Information Security Management System (ISMS) Policy

**1. Introduction**

Together Software Ltd is committed to maintaining the confidentiality, integrity, and availability of its information assets and protecting them from unauthorized access, disclosure, alteration, and destruction. This Information Security Management System (ISMS) policy outlines the principles and practices that govern information security within our organization.

**2. Scope**

This policy applies to all employees, contractors, and third parties who have access to Together Software Ltd's information assets, including but not limited to electronic data, physical records, communication systems, and IT infrastructure. It encompasses all areas of information security, including data protection, access control, risk management, incident response, and compliance with relevant laws and regulations.

**3. Information Security Objectives**

- Ensure the confidentiality of sensitive information by implementing appropriate access controls, encryption measures, and data protection mechanisms.
- Maintain the integrity of data and prevent unauthorized modification, deletion, or corruption through secure storage and transmission practices.
- Ensure the availability of information assets and IT systems by implementing redundancy, backup, and disaster recovery measures.
- Minimize the risk of security incidents and data breaches through proactive risk assessment, vulnerability management, and security awareness training.
- Comply with all applicable laws, regulations, and industry standards related to information security, privacy, and data protection.

**4. Responsibilities**

- Senior Management: Senior management is responsible for establishing and maintaining the ISMS, providing adequate resources and support for information security initiatives, and demonstrating leadership and commitment to information security.
- Information Security Officer (ISO): The ISO is responsible for overseeing the implementation of the ISMS, conducting risk assessments, developing security policies and procedures, and coordinating incident response activities.
- Employees: All employees are responsible for adhering to information security policies and procedures, safeguarding sensitive information, reporting security incidents or breaches, and participating in security awareness training.

**5. Information Security Controls**

- Access Control: Access to information assets shall be restricted to authorized individuals based on the principle of least privilege.
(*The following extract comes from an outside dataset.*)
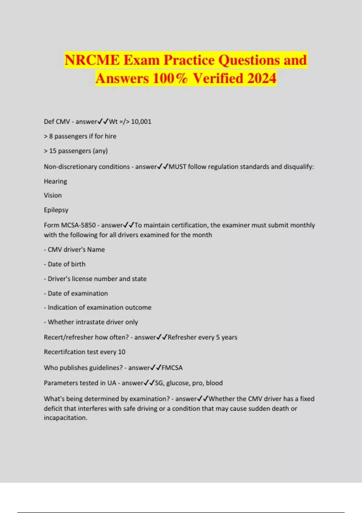 NRCME Exam Practice Questions and Answers 100% Verified 2024 Def CMV - answerWt =/> 10,001 > 8 passengers if for hire > 15 passengers (any) Non-discretionary conditions - answerMUST follow regulation standards and disqualify: Hearing Vision Epilepsy Form MCSA-5850 - answerTo maintain certification, the examiner must submit monthly with the following for all drivers examined for the month - CMV driver's Name - Date of birth - Driver's license number and state - Date of examination - Indication of examination outcome - Whether intrastate driver only Recert/refresher how often? - answerRefresher every 5 years Recertifcation test every 10 Who publishes guidelines? - answerFMCSA Parameters tested in UA - answerSG, glucose, pro, blood What's being determined by examination? - answerWhether the CMV driver has a fixed deficit that interferes with safe driving or a condition that may cause sudden death or incapacitation. When is fitness for duty exam performed outside of expiration of current certification and who decides it needs to be done? - answerA driver whose ability to perform his/her normal duties has been impaired by a physical or mental injury or disease (391.45). The carrier decides if the driver's illness was severe enough to require recertification The only condition for which formal medical exemption is available - answerMonocular vision How long must the examiner retain copies of the examination form and card. - answer3 years When can Medical Examination Report form be revised - answerCANNOT be revised after final determination or after the examination has been in "determination pending" status for more than 45 days. Medical conditions for which a certification interval has been recommended - answerHypertension Heart disease (both one year-considered best practice) MAY disqualify drive if: - answerDoes not meet medical guideline recommendation Does not meet FMCSA Medical Advisory Criteria Recommendations Uncertain or unknown clinical course (Disqualify or limit certification until information obtained) Unable to follow up and condition may disqualify Until additional evaluation is completed Can the examiner give the driver's medical examination report to the employer - answerYes, with the driver's consent What should the examiner comment on? - answerAll findings, even if not disqualifying Vision standard - answerAt least 20/40 (Snellen) in each eye and together Field of vision of 70 degrees in horizontal meridian Eye exam should include - answer-Pupillary equality -Reaction to light and accommodation -Ocular motility -Ocular muscle imbalance -Extraocular movements -Nystagmus -Exophthalmos Conditions that could require ophthalmology evaluation - answerRetinopathy Cataracts Aphakia Glaucoma Macular degeneration Disqualifying forms of vision correction - answerMonovision contacts (one eye corrected for near, one eye for far) Telescopic lenses to compensate for loss of central vision Monocular vision WAIVER - answerDrivers who participated in study grandfathered, as long as they meet other medical requirements. Must be seen by opthalmologist annually and present waiver letter Federal Vision Exemption Program - answerDriver sees medical examiner first and is cleared for other medical conditions, then takes examination form and certificate to ophthalmologist. After eye exam, driver sends paperwork including ophthalmologists report to FMCSA, who grants exemption. Driver must carry vision exemption and certificate card. Vision exemption maximum recertification - answer1 year Hearing standards - answerForced whisper at 5 feet, or Average hearing loss not greater than 40 dB at 500, 1000 and 2000 Hz Health history questions related to hearing loss - answerEar disorders Loss of hearing Loss of balance Dizziness Tinnitus Menieres Cochlear implant Standard used for audiometry - answerANSI Exemption for hearing impairment - answerIssued by FMCSA on defacto basis Mark "Valid only with exemption" and write "hearing" in the space Certification recommendation for acute/chronic peripheral vestibulopathy or benign positional vertigo - answer2 month symptom free waiting period Certification recommendation for uncontrolled vertigo, meniere's disease, labyrinthine fistula or nonfunctioning labyrinthes - answerdo not certify Ear exam findings that should be documented - answerScarring of the tympanic membrane Occlusion of the external canal Perforated eardrums How forced whisper test is performed - answerExaminer stands at examinee's side five feet away. Examinee covers other ear. EAt the end of exhalation, whispers a series of words, numbers or colors. Examiner determines how many times test is attempted or what percentage of correct responses is adequate. Audiometry requirement - answerAverage loss of equal to/less than 40 dB at 500, 1000 and 2000 Hz Audiometry requirement - answerAverage loss of equal to/less than 40 dB at 500, 1000 and 2000 Hz Cochlear implants - answerNo specific recommendation from MEP. Do not certify if experiencing vestibular sx. Vertigo or dizziness: do not certify if sx interfere with: - answerCognitive abilities Judgment Attention Concentration Sensory or motor function Cardiovascular physical exam should include - answer- Heart murmurs, extra sounds, - Enlarged heart - Pacemaker, implantable cardiac defibrillator

User access rights shall be granted, revoked, and reviewed periodically to ensure appropriate access levels.
- Data Protection: Sensitive information shall be encrypted during transmission and storage, and access to confidential data shall be protected through strong authentication mechanisms and encryption technologies.
- Incident Response: An incident response plan shall be developed and maintained to address security incidents and data breaches promptly. This plan shall include procedures for reporting incidents, assessing impact, containing the incident, and recovering affected systems.
- Risk Management: Regular risk assessments shall be conducted to identify, evaluate, and mitigate information security risks. Controls shall be implemented to address identified risks, and risk management activities shall be reviewed and updated as necessary.
- Compliance: Together Software Ltd shall comply with all applicable laws, regulations, and industry standards related to information security, privacy, and data protection, including but not limited to GDPR, CCPA and industry-specific regulations.

**6. Training and Awareness**

All employees shall receive regular training and awareness programs on information security policies, procedures, and best practices to ensure awareness and compliance with the ISMS.

**7. Monitoring and Review**

The effectiveness of the ISMS shall be monitored through regular audits, security assessments, and performance metrics. The ISMS policy and associated procedures shall be reviewed and updated periodically to reflect changes in technology, regulations, and business practices.

**8. Policy Review and Approval**

This ISMS policy has been reviewed and approved by senior management and is effective as of 1st January 2024. It shall be communicated to all employees, contractors, and third parties with access to Together Software Ltd's information assets, and compliance with the policy shall be enforced accordingly.